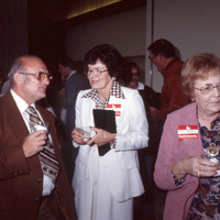 Pacific University alumni gathered at a reception, likely in Washburne Hall. The woman wearing a pink jacket is Louise Mitchell (Class of 1942), per her name tag. The name tag of the woman wearing white is only partially visible, but may be "McDowell". This was likely taken at the annual Alumni Reunion that took place on Homecoming weekend. The original slide was printed in October, 1979.
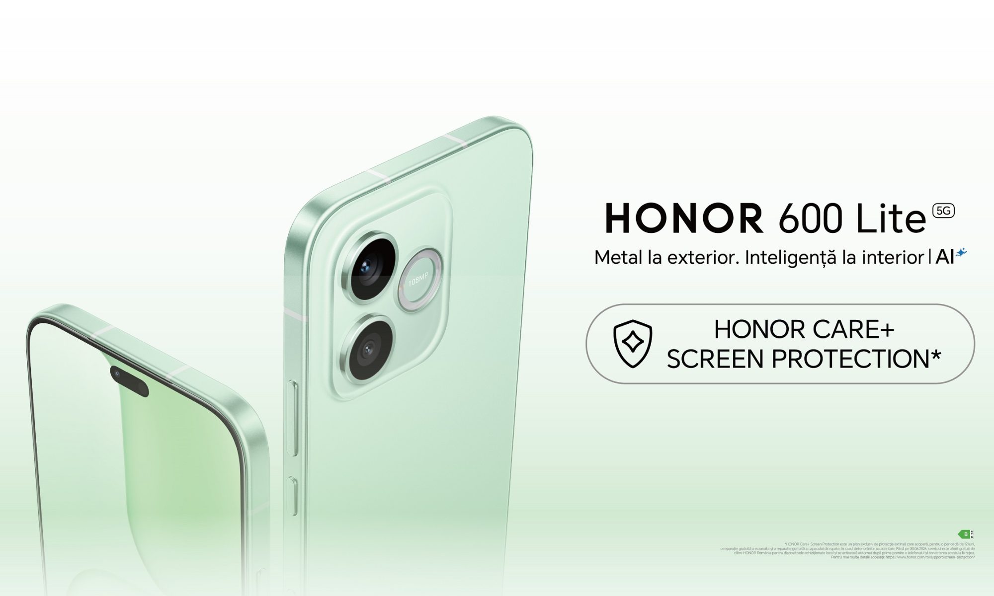 HONOR 600 Lite este disponibil prin partenerii oficiali HONOR în trei variante de culoare: Sprout Green, Velvet Grey și Velvet Black. Până la 30 iunie 2026, utilizatorii beneficiază de HONOR Care+ Screen Protection, un serviciu disponibil pentru dispozitivele achiziționate local și activate în rețea. Serviciul constă în acoperirea unei reparații gratuite, timp de 12 luni de la activare, atât pentru ecran cât și pentru capacul din spate în cazul deteriorărilor accidentale, fără costuri suplimentare pentru piese sau manoperă.
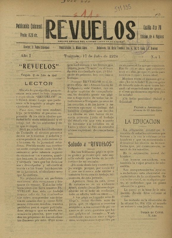 Inicio / Bibliotecas Territoriales / Biblioteca Territorial Comunal / Autores Secundarios / Liceo de Traiguén (Chile)
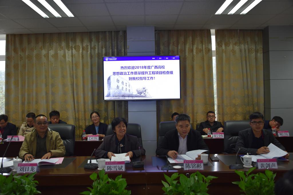 11月12日下午,由广西中医药大学副厅级调研员陈雪斌为组长的2018年广西高校思想政治工作质量提升工程项目检查组一行莅临我校对我校“三全育人”示范校项目进行检查指导。检查汇报会在雁山校区行知楼A201会议室召开,校党委书记李国忠、党委副书记王赣华出席会议,党(校)办、组织部、宣传部、纪委办、学工部、研工部、校团委、教务处、科技处、人事处、财务处、国交处、保卫处、基建后勤处、后勤集团、离退处、现教中心、图书馆、人文素质教学部、校医院等单位和部门主要负责人;马克思主义学院院长以及各二级学院党委书记参加会议,会议由党委副书记王赣华主持。
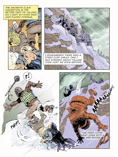 But what I really wanted to talk about is Lemire's artwork. It's probably impolitic of me even to mention this, but I'm not really a huge comic book fan. More on this later, but suffice to say I read a lot of comics as a kid, but I never had a superhero collection. And I have read quite a few comics and graphic novels since, and enjoyed some, but mostly it is the artwork that draws me to them, with Euro comics being my favourites. Most of my reading is traditional novels.
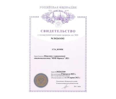 Свидетельство о регистрации программы для ЭВМ СТА_КОММ
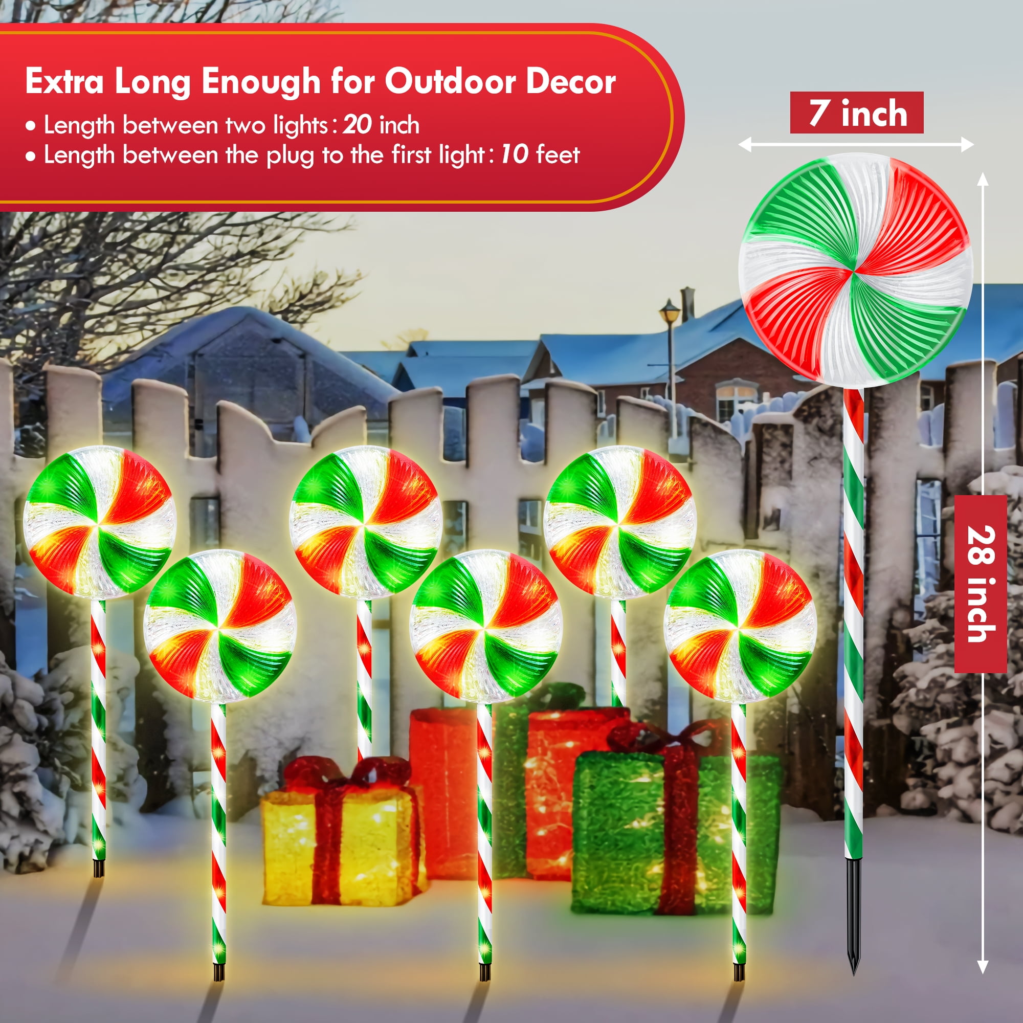 28 Inches Large Size Christmas Pathway Light with Lollipop Featuring with 120 bright warm white LED lights and a special lollipop topper, this Christmas lollipop light string adds a romantic and cozy touch to your holiday display day and night. With a total length of 28 inches including the sticks, these outdoor Christmas lights are larger than other products on the market. 120 Super Bright LED, 8 Lighting Modes, Can Be Steady or Flashing This upgraded lollipop Christmas pathway light offers 8 lighting modes, including steady on, combination, in waves, sequential, slow glow, chasing/flash, slow fade, and twinkle/flash. You can easily change the lighting mode using the plug. The flickering lights will make your holiday display even more attractive. Linkable End to End, Up to 3 Sets Linkable end to end, up to 3 sets can be connected together. If you purchase additional sets. With low voltage and high lumen LEDs, these Christmas candy cane pathway lights are suitable for both indoor and outdoor use. Easy to Set Up, Extra Long Enough for Outdoor Decor Designed for in-ground installation with ground stakes, these lights are perfect for decorating the walkway, lawn, yard, front door, garden, pathway, and more. With 10 feet lead power cable, each interval is 20 inch, this set of 6 lollipop light is long enough to be nicely spaced out. Colorful and Durable for Outdoor Christmas Display Made with premium materials, these outdoor Christmas pathway lights can be reused for years, making them environmentally friendly and cost-effective. The PCB features over-current, overcharge, and overheat circuit protection, ensuring safety and reliability during use. Specifications: Light Color: Bright Warm White Led Quantity: 120 Led Led of Each Candy Cane: 20 Led The Height of Each Candy Cane:23 Inch With Stick:28 Inch The Length Between Two Candy Canes:20 Inch The Length Between The First Candy Cane To The Plug: 10 Feet Q&A: 1. Is it link-able? can I put them together and use one plug? Yes, these candy cane lights is link-able, please find the user manual, follow the guidance to connect up. Don’t worry, it is very easy to assemble, each candy cane light has reserved connectors, just plug and play. 2. Do they blink or stay lighted? It has 8 lighting modes, all included, and you can choose whatever you like, which is suitable for your house display. F.Y.I, the switch is on the plug, and 1 button corresponds to 8 modes. 3. Are they led lights? Or just normal bulbs? They are LED light strings, brighter and safer than normal bulbs. Package Include: Set of 6 Christmas Lollipop Lights

• **Prompt**: Keep the pictures out and transcribe the listing exactly.

• **Task result**:
 Pacific University alumni gathered at a reception, likely in Washburne Hall. The woman wearing a pink jacket is Louise Mitchell (Class of 1942), per her name tag. The name tag of the woman wearing white is only partially visible, but may be "McDowell". This was likely taken at the annual Alumni Reunion that took place on Homecoming weekend. The original slide was printed in October, 1979.
 HONOR 600 Lite este disponibil prin partenerii oficiali HONOR în trei variante de culoare: Sprout Green, Velvet Grey și Velvet Black. Până la 30 iunie 2026, utilizatorii beneficiază de HONOR Care+ Screen Protection, un serviciu disponibil pentru dispozitivele achiziționate local și activate în rețea. Serviciul constă în acoperirea unei reparații gratuite, timp de 12 luni de la activare, atât pentru ecran cât și pentru capacul din spate în cazul deteriorărilor accidentale, fără costuri suplimentare pentru piese sau manoperă.
 Inicio / Bibliotecas Territoriales / Biblioteca Territorial Comunal / Autores Secundarios / Liceo de Traiguén (Chile)
 11月12日下午,由广西中医药大学副厅级调研员陈雪斌为组长的2018年广西高校思想政治工作质量提升工程项目检查组一行莅临我校对我校“三全育人”示范校项目进行检查指导。检查汇报会在雁山校区行知楼A201会议室召开,校党委书记李国忠、党委副书记王赣华出席会议,党(校)办、组织部、宣传部、纪委办、学工部、研工部、校团委、教务处、科技处、人事处、财务处、国交处、保卫处、基建后勤处、后勤集团、离退处、现教中心、图书馆、人文素质教学部、校医院等单位和部门主要负责人;马克思主义学院院长以及各二级学院党委书记参加会议,会议由党委副书记王赣华主持。
 But what I really wanted to talk about is Lemire's artwork. It's probably impolitic of me even to mention this, but I'm not really a huge comic book fan. More on this later, but suffice to say I read a lot of comics as a kid, but I never had a superhero collection. And I have read quite a few comics and graphic novels since, and enjoyed some, but mostly it is the artwork that draws me to them, with Euro comics being my favourites. Most of my reading is traditional novels.
 Свидетельство о регистрации программы для ЭВМ СТА_КОММ
 28 Inches Large Size Christmas Pathway Light with Lollipop Featuring with 120 bright warm white LED lights and a special lollipop topper, this Christmas lollipop light string adds a romantic and cozy touch to your holiday display day and night. With a total length of 28 inches including the sticks, these outdoor Christmas lights are larger than other products on the market. 120 Super Bright LED, 8 Lighting Modes, Can Be Steady or Flashing This upgraded lollipop Christmas pathway light offers 8 lighting modes, including steady on, combination, in waves, sequential, slow glow, chasing/flash, slow fade, and twinkle/flash. You can easily change the lighting mode using the plug. The flickering lights will make your holiday display even more attractive. Linkable End to End, Up to 3 Sets Linkable end to end, up to 3 sets can be connected together. If you purchase additional sets. With low voltage and high lumen LEDs, these Christmas candy cane pathway lights are suitable for both indoor and outdoor use. Easy to Set Up, Extra Long Enough for Outdoor Decor Designed for in-ground installation with ground stakes, these lights are perfect for decorating the walkway, lawn, yard, front door, garden, pathway, and more. With 10 feet lead power cable, each interval is 20 inch, this set of 6 lollipop light is long enough to be nicely spaced out. Colorful and Durable for Outdoor Christmas Display Made with premium materials, these outdoor Christmas pathway lights can be reused for years, making them environmentally friendly and cost-effective. The PCB features over-current, overcharge, and overheat circuit protection, ensuring safety and reliability during use. Specifications: Light Color: Bright Warm White Led Quantity: 120 Led Led of Each Candy Cane: 20 Led The Height of Each Candy Cane:23 Inch With Stick:28 Inch The Length Between Two Candy Canes:20 Inch The Length Between The First Candy Cane To The Plug: 10 Feet Q&A: 1. Is it link-able? can I put them together and use one plug? Yes, these candy cane lights is link-able, please find the user manual, follow the guidance to connect up. Don’t worry, it is very easy to assemble, each candy cane light has reserved connectors, just plug and play. 2. Do they blink or stay lighted? It has 8 lighting modes, all included, and you can choose whatever you like, which is suitable for your house display. F.Y.I, the switch is on the plug, and 1 button corresponds to 8 modes. 3. Are they led lights? Or just normal bulbs? They are LED light strings, brighter and safer than normal bulbs. Package Include: Set of 6 Christmas Lollipop Lights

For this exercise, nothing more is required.